Mitchell-Innes & Nash is pleased to present OGOPOGO, an exhibition of paintings by Canadian-born artist Brent Wadden. On view from January 26 to March 4, the works on view are composed of woven fibers mounted on canvas, complicating the painterly notion of surface and reconsidering the concept of the handmade.
“Brent Wadden’s textile paintings exist in the balance between pre-meditation and chance, modernist abstraction and craft, ritual and intuition,” said Lucy Mitchell-Innes. “We are proud to present these new works in Wadden’s fourth solo exhibition with the gallery.”

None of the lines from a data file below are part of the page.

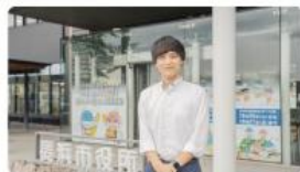
全国転勤の民間メーカーから長浜市役所へ。暮らしと仕事、両方の「チャレンジ」で見つけた新たなキャリアパス #職員インタビュー #長浜市役所紹介 2025/10/06
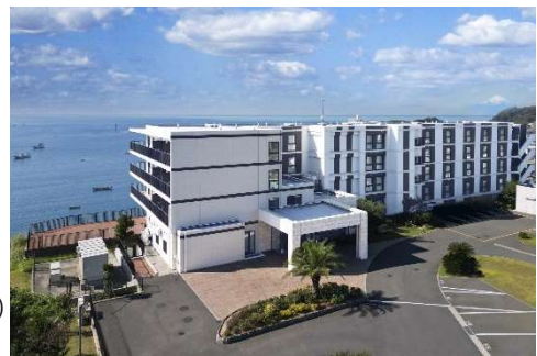
相模湾を望む絶景の地に佇む「マゼラン 湘南佐島」。晴れた日には富士山まで見渡せるロケーション

名 称：マゼラン 湘南佐島 所 在 地：神奈川県横須賀市佐島 1-14-1 類 型：健康型有料老人ホーム 入居開始：2022 年 12 月 入居条件：60 歳以上・自立 居 室 数：50 室（1 階、3～5 階／全室オーシャンビュー） ホームページ： https://mazeran-web.com/sajima/
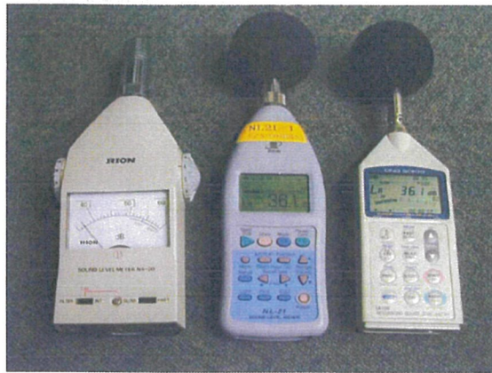
●講演内容1－騒音計、測定、実音経験
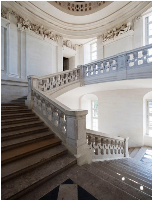
Escalier du château de Maisons
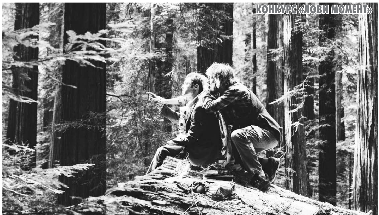
КОНКУРС «ЛОВИ МОМЕНТ»
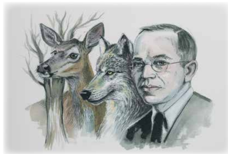
Aldo Leopold, Joanna Barnum, 2011

son régime alimentaire: le lièvre. Défaire un équilibre naturel sans en comprendre les mécanismes n'est pas une « plaisanterie ». Søren Kierkegaard avait peut-être raison. Après la disparition du loup dans le sud du Québec, comment protéger les forêts contre le broutage excessif du cerf de Virginie? La chasse récréative, malgré ses limites, demeure sans doute le meilleur moyen. Cependant, pour une vision à long terme, le critère garant de la survie de la forêt devrait être la capacité du sous-bois, de la régénération naturelle ou des plantations des espèces indigènes, à survivre à la dent des cervidés.
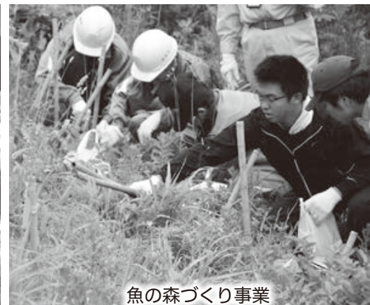
魚の森づくり事業
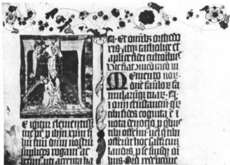
APATHI LUKÁCS EGRI PRÉPOST MISEKÖNYVE 1489-BŐL Ma Pozsonyban

PÁRISI AUKCIÓEREDMÉNYEK. A válság, amely a múlt esztendőben oly nyomorúságosan éreztette hatását az európai és amerikai műkereskedelemben, újlátszik, enyhülőben van. Legalább is ezt a reményt ébresztik két nagy párisi gyűjtemény nemrégiben lezajlott aukciójának eredményei, amelyekben ugyan nem érték el az inflációs évek szinte csillagászati számainak, de igen kitűnő és — reális áronk ütötték le a kikiáltott műtárgyakat. A két kollekció közül a Pacquement -gyűjteményben főleg a késő impresszionizmus mesterei és a posztimpresszionisták voltak képviselve. A Georges Petit-galériában december 12-én aukcióra került 73 festmény közül a legnagyobb árat Vincent van Gogh középnagyságú (73×92 cm) festménye, a „ Méridienne ” érte el, amely 280.000 francia frankért (kb. 62.000 P) cserélt gazdát. Cézanne kisméretű virágvázás csendélete ( Pots de fleurs , 46×55 cm) 168.000, Estaque-i tájképe 112.000 frankot ért el. Renoir „ Fürdőző nők ” c. képéért 64.000, Puvis de Chavannes „ Anyaság ”-jáért 70.000 frankot fizettek. Meglepő magas áron kelték el az élő mesterek képei is: Vuillard egy csendéletét, amelyért Pacquement 1914-ben még 5000 frankot fizetett, 57.000 frankért vette meg a Luxembourg-múzeum, Henri-Matisse két csendélete pedig 48.000, illetve 75.000 frankért talált gazdára.

Trained as a painter, Wadden began weaving in 2004 while living in Berlin and has grown increasingly skilled with the loom. Using the grid structure of weaving as a starting point, Wadden’s geometric compositions evoke feelings of monumentality and expansion, movement and balance.
Wadden’s deliberate use of the word “painting” to describe his woven works hints at aesthetic debates surrounding the hierarchy of art forms. He emphasizes the difficulty (and, perhaps, impossibility) of maintaining explicit distinctions between high art and craft — the cultural and the industrial — in a time when the qualities that define the privileged labor of the artist are no longer clear cut. Wadden’s work disrupts gender binaries that have persisted in a medium traditionally relegated to the domestic domain.
The 8 new works featured in this exhibition demonstrate the artist’s exploration of the notion of symmetry. Many pieces on display belong to a pair — works that are nearly a mirror image of each other, but with slight variations. Wadden offers two different versions of a color study, allowing room for open contemplation and perspective.